## [Task directions]
Please write out all of the data below exactly, without including the pictures.

## [Data below]

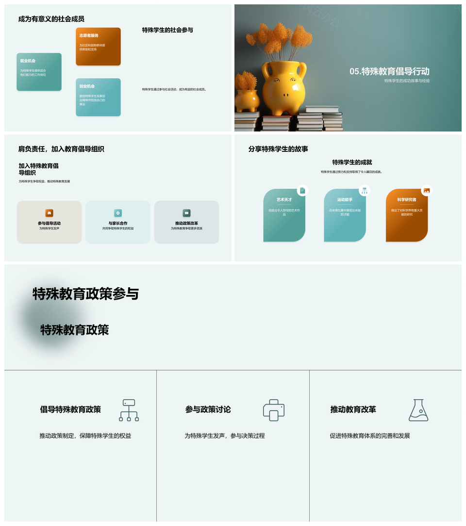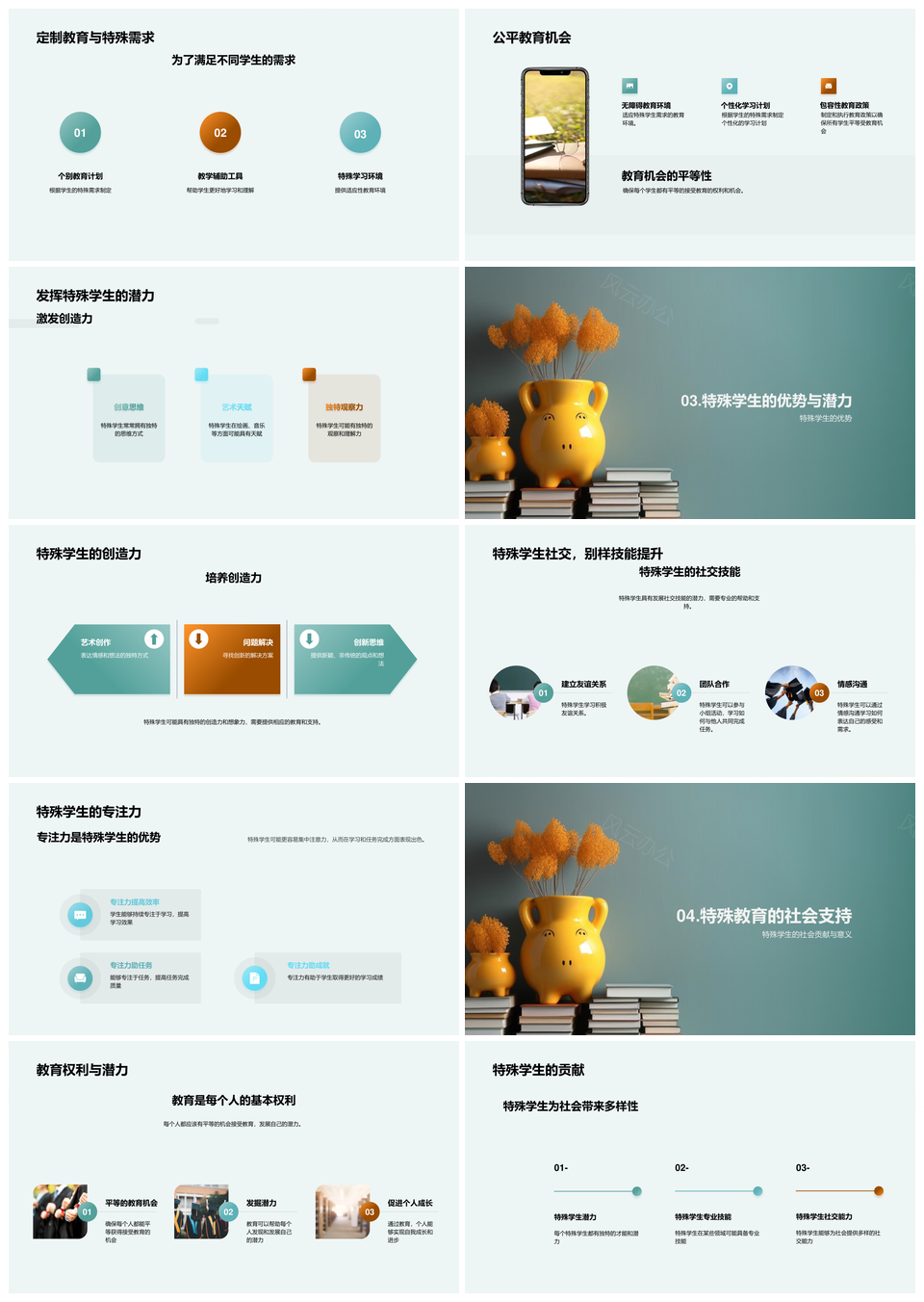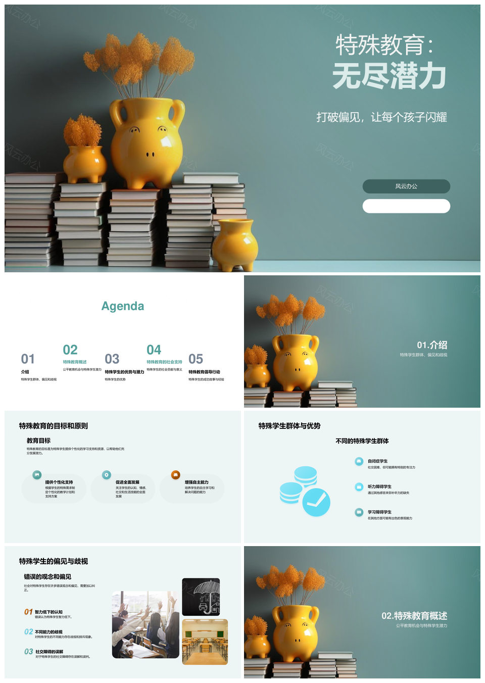 风云办公提供的超越界限共倡未来特殊教育多元群体PPT模板,下载格式为pptx,一共23页,作品中文字及图均可以修改和编辑,图片更改请在作品中右键图片并更换,文字修改请直接点击文字进行修改。
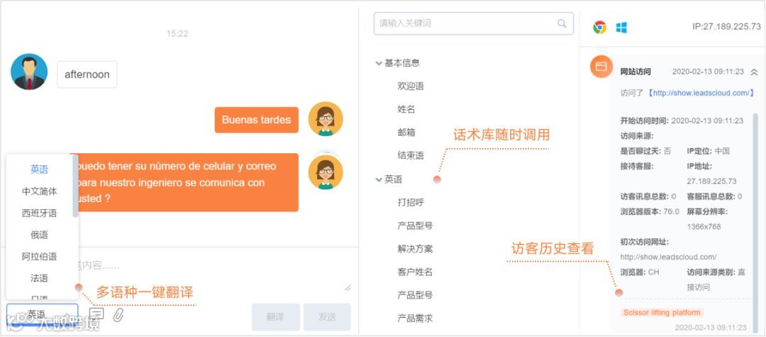 如询盘云在线客服功能可以同时对接搜索引擎和Facebook主页流量,避免了客服来回切换不同软件带来的效率降低;其预设的话术功能,能够有效的提升客服的回复效率;多语种翻译功能,让一个客服可以对接各种语言的客户;在线客服集成录入线索功能,方便客服在对接客户的时候随时录入线索并完成线索分配工作,让销售在第一时间接到客户信息等等。
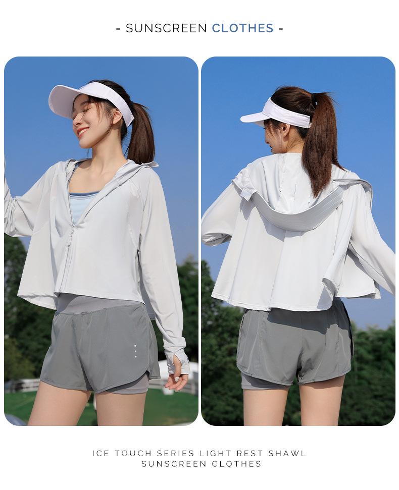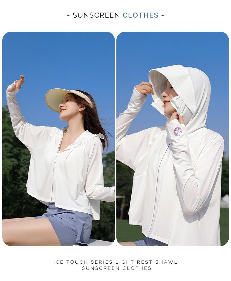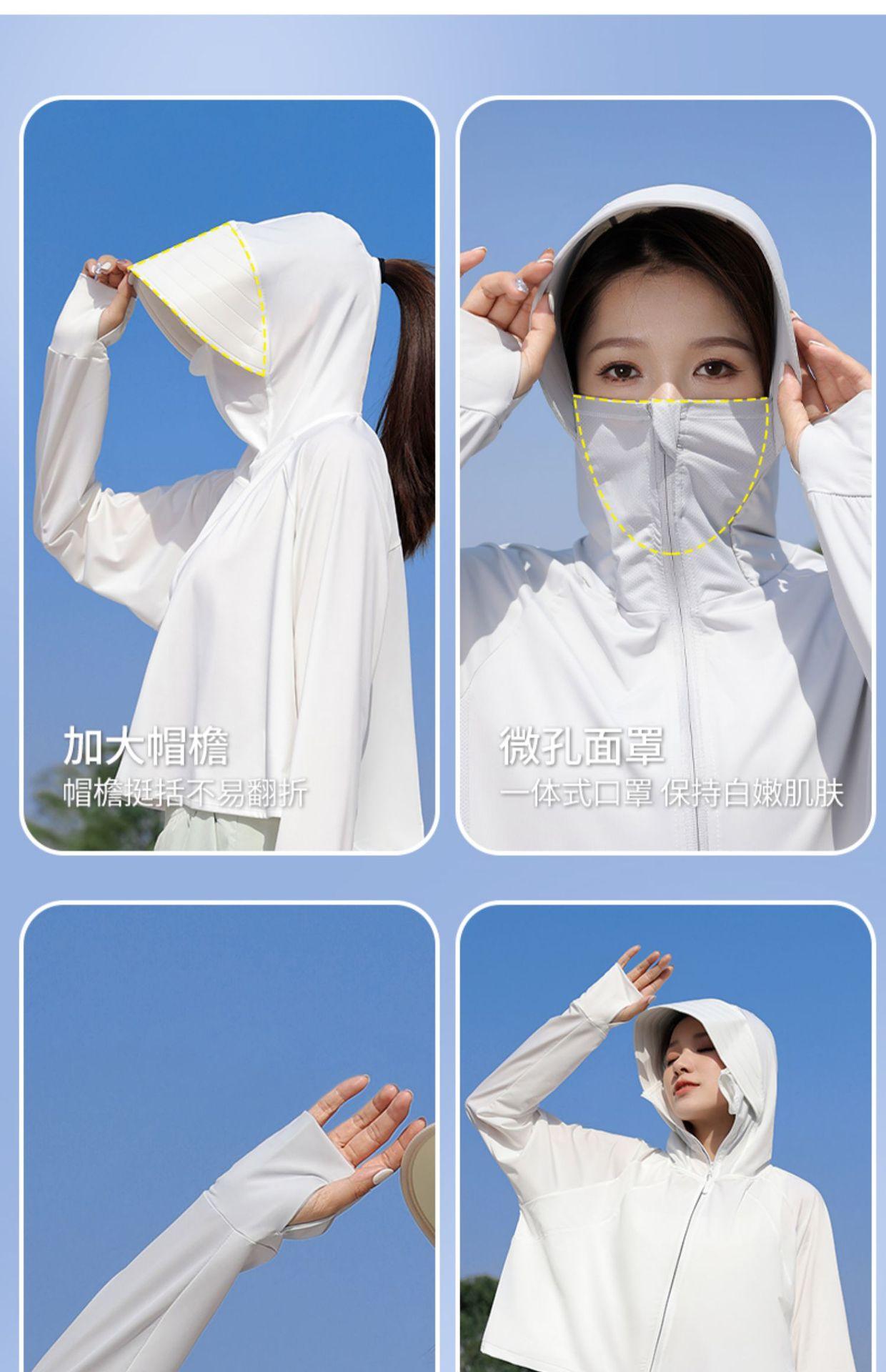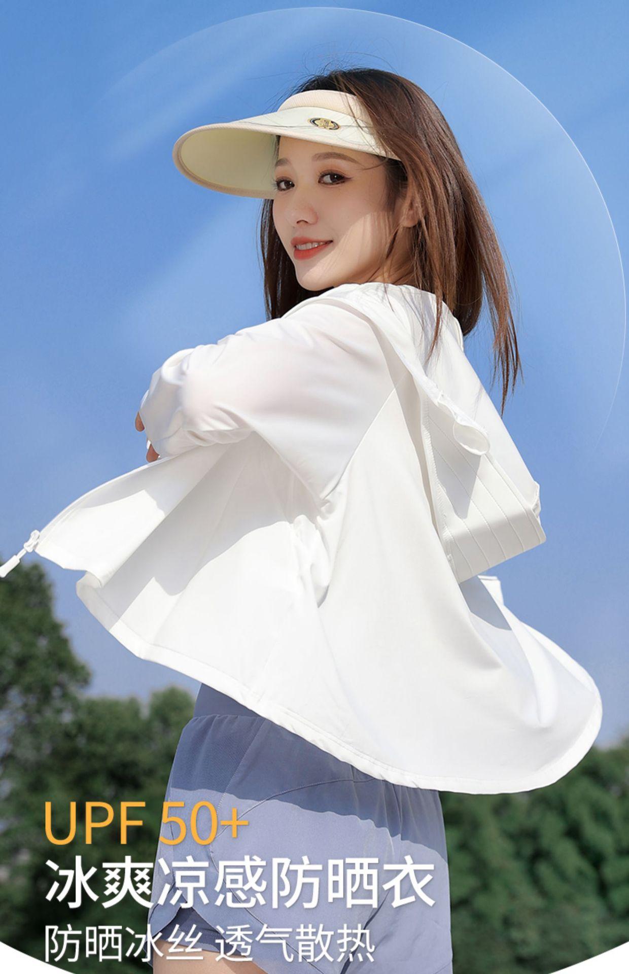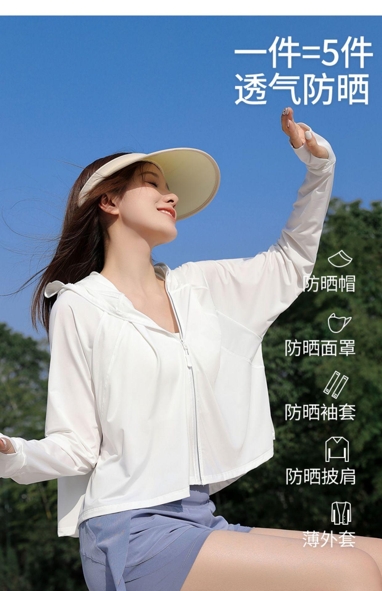Verano Nuevo Estilo Seda de Hielo Delgada Anti-UV Corta con Capucha Manga Larga Blanca Abrigo de Verano Ropa de Protección Solar para Mujeres Primavera

## [Solution]
 风云办公提供的超越界限共倡未来特殊教育多元群体PPT模板,下载格式为pptx,一共23页,作品中文字及图均可以修改和编辑,图片更改请在作品中右键图片并更换,文字修改请直接点击文字进行修改。
 如询盘云在线客服功能可以同时对接搜索引擎和Facebook主页流量,避免了客服来回切换不同软件带来的效率降低;其预设的话术功能,能够有效的提升客服的回复效率;多语种翻译功能,让一个客服可以对接各种语言的客户;在线客服集成录入线索功能,方便客服在对接客户的时候随时录入线索并完成线索分配工作,让销售在第一时间接到客户信息等等。
Verano Nuevo Estilo Seda de Hielo Delgada Anti-UV Corta con Capucha Manga Larga Blanca Abrigo de Verano Ropa de Protección Solar para Mujeres Primavera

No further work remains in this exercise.